Computer Science and Mathematics - Other

1. Introduction

Verified generation for Legal AI aims to ensure that outputs from Large Language Models (LLMs) satisfy standards of legal reasoning, factual accuracy and professional accountability in high-stakes contexts.As we enter the era of LLM, advances in model scale, data quality and neural architectures are transforming natural language understanding [136,181]. However, legal practice exposes specific requirements for verifiability, transparency, and responsibility, as emphasized in global regulatory frameworks such as the GDPR([148]), the EU AI Act ([149]), and related international guidelines [55]. These frameworks require outputs that are plausible, provably correct and traceable to authoritative sources, making law a testbed for methods for broader LLM use across domains.

In LegalAI, verifiability underpins well-defined scope, robust evidence grounding, and context-aware, accountable outputs.

Can generative systems deliver verifiable, up-to-date, and jurisdiction-aware answers with auditable reasoning steps?

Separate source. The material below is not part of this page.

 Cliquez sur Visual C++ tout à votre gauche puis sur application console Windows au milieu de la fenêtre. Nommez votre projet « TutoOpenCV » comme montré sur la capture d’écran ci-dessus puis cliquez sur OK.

Verified generation is a methodological shift, analogous to reinforcement learning with verifiable rewards on reasoning tasks [97]. Instead of maximizing preference alignment, it focuses on verifiable correctness via retrieval of legal sources and rule- or logic-based checks. In Legal AI, systems cross-check claims against statutes and case law before finalizing outputs, yielding legally sound text and generalizable methods for verifiable reasoning. General-purpose models such as GPT-4 [1] and Claude 3 [6] have demonstrated baseline reasoning abilities, while domain-specific systems, including ChatLaw [33] and SaulLM [31] extend these capabilities through targeted retrieval and formal-logic integration. New architectures pair large pretrained LLMs with verifiability modules that check output quality and citations, analogous to verifiable reward functions in recent Large Reasoning Models (LRMs) [150]. Yet there is no standard way to measure factual reliability in law, and automated legal evaluation remains challenging, so legal knowledge is hard to leverage for the broader LLM community. Most existing work targets at general QA, leaving domain-specific legal issues largely unaddressed, such as jurisdictional limits, doctrinal variation, and strict formatting and citation rules [56,138,141,176].

This survey reviews verified generation in Legal AI, covering formal reasoning, retrieval-based generation, verification architectures and evaluation, and outlines a roadmap for trustworthy systems for other safety-critical domains.

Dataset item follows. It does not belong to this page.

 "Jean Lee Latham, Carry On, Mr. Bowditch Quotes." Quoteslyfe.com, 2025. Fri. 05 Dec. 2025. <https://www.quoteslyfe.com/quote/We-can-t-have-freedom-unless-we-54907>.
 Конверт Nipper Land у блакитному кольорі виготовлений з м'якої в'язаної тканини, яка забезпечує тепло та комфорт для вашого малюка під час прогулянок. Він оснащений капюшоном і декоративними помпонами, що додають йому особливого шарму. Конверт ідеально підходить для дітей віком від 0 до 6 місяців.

2. Constructions of LegalAI

2.1. Legal Reasoning

Faithfulness and Verifiability

Ensuring the faithfulness of generated rationales and adopting hypothesis-verification cycles have become paramount for developing interpretable and robust AI reasoning systems. [102] address the inherent unfaithfulness of vanilla Chain-of-Thought (CoT) by introducing a framework that translates natural language queries into executable symbolic reasoning chains. By delegating the final inference step to a deterministic solver, this approach enforces a causal alignment between the stated explanation and the model’s decision logic, thereby grounding linguistic reasoning in formal semantics. Complementing this, [166] formalize inductive reasoning as an iterative process of generating latent hypotheses from evidence and systematically validating them. This structured decomposition not only facilitates auditable inference but also enables verifiable reasoning within high-dimensional natural language representations, bridging the gap between neural flexibility and symbolic rigour. Recent advances in decompositional prompting extend these ideas by partitioning complex problems into modular, verifiable sub-goals. Khot et al. ([73]) propose decomposition strategies that embed symbolic functions or retrieval components into reasoning workflows, while Zhao et al. ([179]) develop verify-and-edit mechanisms that iteratively validate intermediate steps. Together, these techniques show how structured decomposition and verification can enhance both correctness and transparency in reasoning.

Recent advances in decompositional prompting extend these ideas by partitioning complex problems into modular, verifiable sub-goals. Khot et al. ([73]) propose decomposition strategies that embed symbolic functions or retrieval components into reasoning workflows, while Zhao et al. ([179]) develop verify-and-edit mechanisms that iteratively validate intermediate steps. Together, these techniques show how structured decomposition and verification can enhance both correctness and transparency in model reasoning.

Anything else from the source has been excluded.